■ WHAT IS BEING ASKED: Only one stretch of the data below is wanted: the lines from the one with "DKNY Long Sleeve" through the one with "After taking the", repeated exactly.

■ PROVIDED RECORDS:
···

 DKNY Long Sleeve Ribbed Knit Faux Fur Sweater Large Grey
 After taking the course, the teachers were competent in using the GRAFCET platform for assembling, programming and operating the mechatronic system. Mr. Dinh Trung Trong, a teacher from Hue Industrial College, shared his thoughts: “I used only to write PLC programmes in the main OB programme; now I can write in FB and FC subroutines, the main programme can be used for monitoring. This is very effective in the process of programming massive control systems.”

···

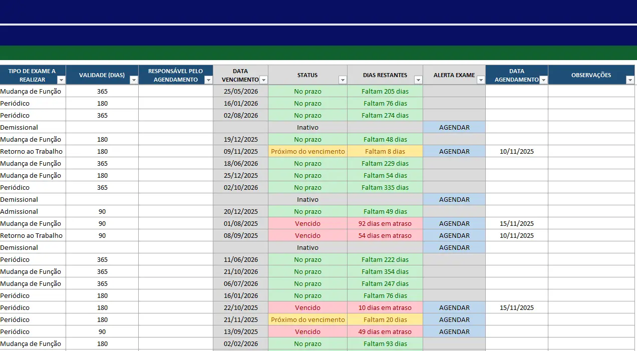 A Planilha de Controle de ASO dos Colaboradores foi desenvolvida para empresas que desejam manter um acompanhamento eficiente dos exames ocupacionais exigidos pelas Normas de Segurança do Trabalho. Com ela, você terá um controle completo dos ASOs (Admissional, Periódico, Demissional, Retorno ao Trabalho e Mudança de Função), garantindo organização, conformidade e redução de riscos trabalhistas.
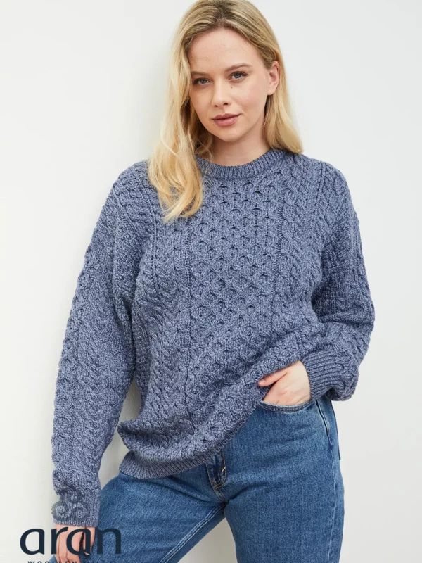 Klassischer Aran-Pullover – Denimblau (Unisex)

···

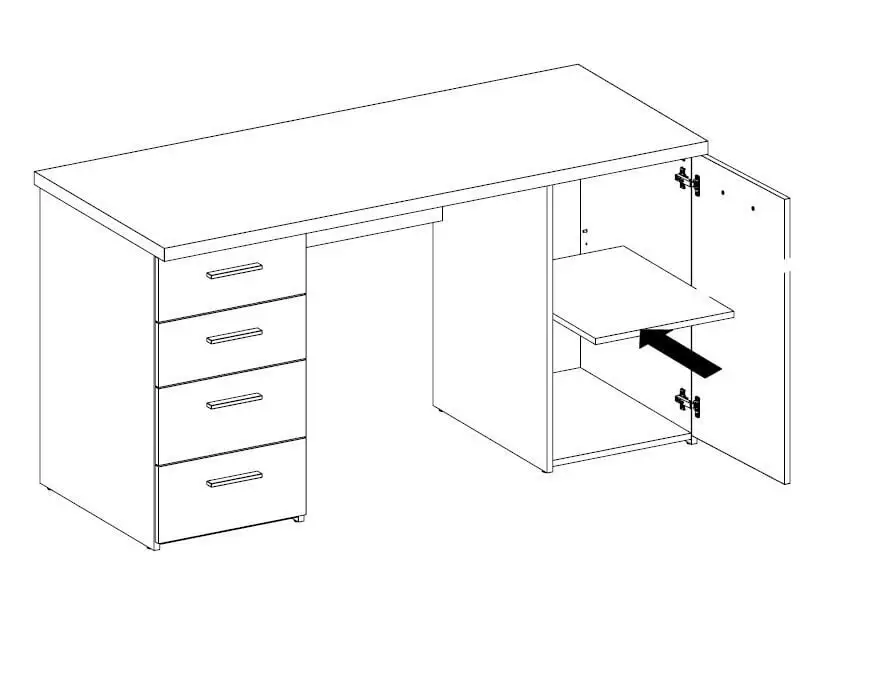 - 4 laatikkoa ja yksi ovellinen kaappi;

···

■ RESPONSE BELOW:
 DKNY Long Sleeve Ribbed Knit Faux Fur Sweater Large Grey
 After taking the course, the teachers were competent in using the GRAFCET platform for assembling, programming and operating the mechatronic system. Mr. Dinh Trung Trong, a teacher from Hue Industrial College, shared his thoughts: “I used only to write PLC programmes in the main OB programme; now I can write in FB and FC subroutines, the main programme can be used for monitoring. This is very effective in the process of programming massive control systems.”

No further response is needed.